About one in four comments in fringe online communities contains hate speech, according to a 2021 study of 8chan, 4chan and Reddit’s r/The_Donald.
That stat stopped me cold. But here’s what hit harder: implicit hate — conspiracy theories, coded disinformation, the kind that sounds almost reasonable — showed up just as often as slurs and explicit threats. The racism that knows how to dress itself up is as common as the kind platforms easily spot and ban.
I’ve been digging into this for a research project, and the question keeping me up is uncomfortable. What if the rules designed to stop white nationalism online are actually helping it stick around?
Critical race scholar Ángel Díaz argued in a 2023 law review article that major platforms’ content moderation doesn’t just fail to catch hate speech — it systematically protects white supremacist speech while suppressing marginalized voices. The examples are specific. Uju Anya’s tweet got removed. Stephen Miller’s stayed up. That’s not a glitch. That’s a pattern.
Psychologist Derald Wing Sue and colleagues call these dynamics “microinvalidations” — brief, everyday dismissals that deny the reality people of color experience. When a platform responds to racism reports with “don’t be so sensitive,” that’s not neutrality. That’s a policy doing exactly what Sue described.
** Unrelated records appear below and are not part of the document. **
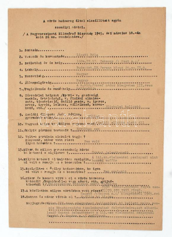 1945 A vörös hadsereg által egyén személyi adatai, kitöltött kérdőív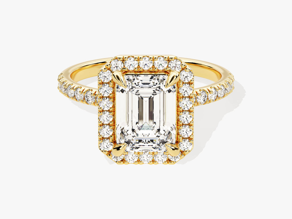 Experience the redefined radiance of luxury with our Emerald Halo Moissanite Engagement Ring featuring Pave Set Side Stones. At its core is a dazzling emerald-cut moissanite, known for its radiant brilliance and grace. The moissanite is elegantly embraced by a halo of smaller stones, meticulously set in a pave style, creating an enchanting play of light and sparkle.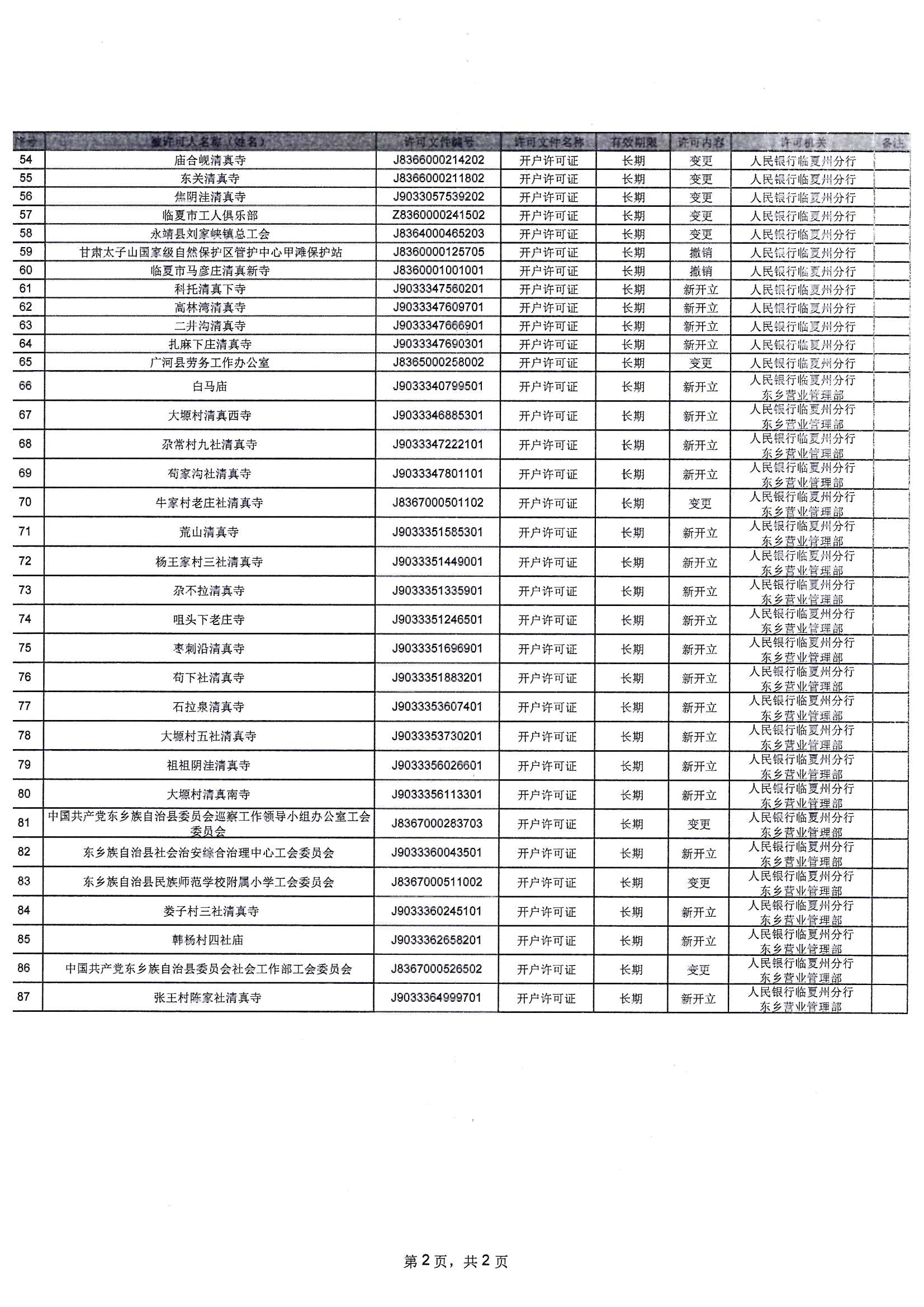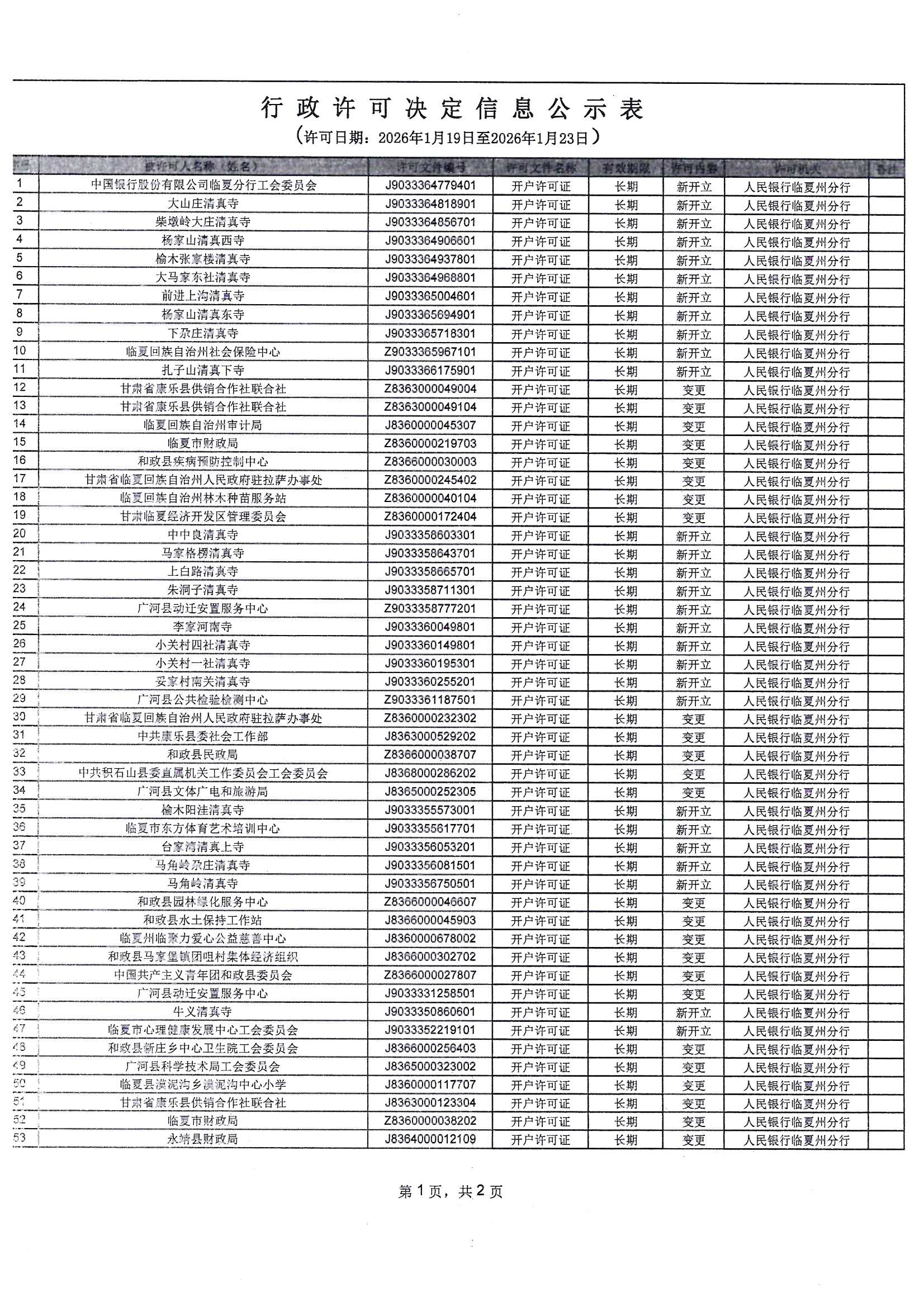 人民银行临夏州分行行政许可信息公示表(2026年1月19日-2026年1月23日)

I keep thinking about this in terms of who gets to define “normal.” Sue wrote that whiteness operates like an invisible veil — it floods the definitions of “human being,” “just a person,” “American.” Platform “colorblindness” works the same way. It pretends everyone starts from the same place, which only hides who’s already winning.
This isn’t abstract for me. I’m trying to figure out how to do journalism that actually serves people, and I need to understand how the systems I use — Twitter, YouTube, whatever replaces them — are built. Because if I don’t see the bias in the infrastructure, I’ll reproduce it in my work without knowing.
More to come as I keep digging. If you’ve read anything good on platform governance or digital white nationalism, send it my way.
References
Berger, A. A. (2020). Media and communication research methods: An introduction to qualitative and quantitative approaches (5th ed.). SAGE Publications.
Díaz, Á. (2023). Online racialization and the myth of colorblind content policy. Boston University Law Review, 103(7), 1929–1983.
Johnson, A. G. (2017). What is privilege? In Privilege, power, and difference (3rd ed., pp. 20–40). McGraw-Hill.
Rieger, D., Kümpel, A. S., Wich, M., Kiening, T., & Groh, G. (2021). Assessing the extent and types of hate speech in fringe communities: A case study of alt-right communities on 8chan, 4chan, and Reddit. Social Media + Society, 7(4). https://doi.org/10.1177/20563051211052906
Sue, D. W. (2004). Whiteness and ethnocentric monoculturalism: Making the “invisible” visible. American Psychologist, 59(8), 759–769.
Sue, D. W., Capodilupo, C. M., Torino, G. C., Bucceri, J. M., Holder, A. M. B., Nadal, K. L., & Esquilin, M. (2007). Racial microaggressions in everyday life: Implications for clinical practice. American Psychologist, 62(4), 271–286.